There was life before that, and there was life after that event, and they were not the same. You know, we talk that way, Charla and I do, about 9-11. There was what life was like before 9-11.

There was what life is like after 9-11. And so much of life is different. They’re not the same.

We’ll watch shows with our kids that were made in the 80s and 90s and think, wow, I forgot, you know, you could just run and catch somebody as they’re about to walk onto a plane. You know, they don’t make movies about that anymore. It’s not quite as, there’s not quite as much dramatic tension running and catching somebody in the security line at the airport where they’re waiting for three hours.

Now, they used to run up to the gate, but life is completely different now. It happens on a smaller scale in our lives where an event happens that everything that comes afterwards is different from what there was before. Sometimes it’s a death of a close loved one.

Sometimes it’s a diagnosis. Sometimes it’s the loss of a job. For some reason, a lot of these things that change our lives in that way are negatives.

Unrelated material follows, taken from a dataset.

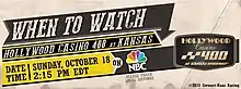29. 1 2 3 4 5 6 7 "2015 Hollywood Casino 400". Sprint Cup Series. Season 67. Kansas City, Kansas. October 18, 2015. Event occurs at 2:34 p.m. NBC Sports. NBC. Retrieved October 26, 2015.

But every once in a while, there’s good news that is a dividing line in our lives. there’s good news that we can say there was everything before and then everything after and they’re not the same and the resurrection of Jesus Christ is one of those moments for those who believe it’s it’s one of those moments in our lives that there was before him and there was after him and they’re not the same for those who experienced it for those who are eyewitnesses there was before the resurrection and after the resurrection and the two were not the same This morning we’re going to be in Acts chapter 17 and we’re going to look at a moment where Paul steps in and talks to a group of people who were not eyewitnesses to the resurrection, really did not initially understand what the resurrection was about, really didn’t understand God that much. And Paul could have done a lot of things.

Paul could have corrected a lot of errors in their thinking, a lot of errors in their behavior. But the number one thing Paul wanted them to know was that Jesus was crucified for them and rose again from the dead three days later. And that’s the message that he brought to this group of people.

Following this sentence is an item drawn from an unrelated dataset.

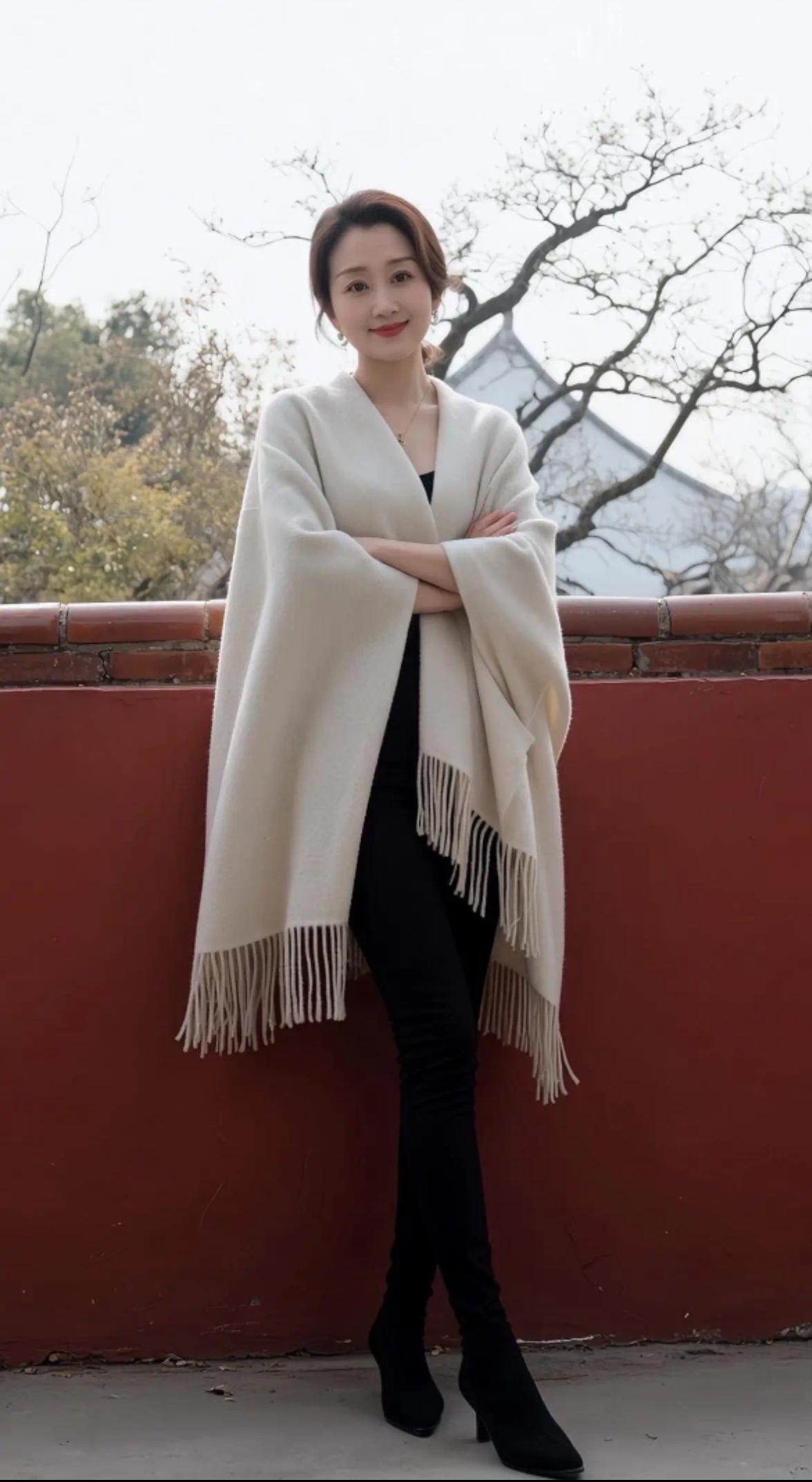 秋日暖阳下的优雅穿搭,米色披肩与黑色裤子的完美搭配,尽显时尚与舒适。

That’s the message that got them stirred up. That’s the message that for some of them changed everything in their lives. It’s the message that turned entire cities and eventually the Roman Empire upside down was this message that Jesus died.

And then as my son put, when he was very little, he died and then he stopped being dead. And that’s what’s so incredible about it because that doesn’t happen. That’s not something we see every day.

That’s not something that we should believe without compelling evidence, which fortunately we have. But I want to look at this message this morning. So if you have not already turned there with me to Acts 17, I’d invite you to do so now.

And once you find it, if you’d stand with me as we read together from God’s Word, we’re going to start in verse 22 and read through verse 34. this message that Paul brought this group of pagan people in Athens about the resurrection. Now, he doesn’t mention the resurrection until the end here, but once we see it, we can tell that he’s tied everything else he’s talking about to the reality of Jesus’ resurrection.

So it says, starting in verse 22, So Paul stood in the midst of the Areopagus and said, Men of Athens, I observe that you are very religious in all respects. For while I was passing through and examining the objects of your worship, I found an altar with this inscription, to the unknown God. Therefore, what you worship in ignorance, this I proclaim to you.

The God who made the world and all things in it, since he is Lord of heaven and earth, does not dwell in temples made with hands, nor is he served by human hands as though he needed anything, since he himself gives to all people life and breath and all things. and he made from one man every nation of mankind to live on all the face of the earth, having determined their appointed times and the boundaries of their habitation, that they would seek God if perhaps they might grope for him and find him, though he is not far from each one of us. For in him we live and move and exist, as even some of your own poets have said, for we are also his children.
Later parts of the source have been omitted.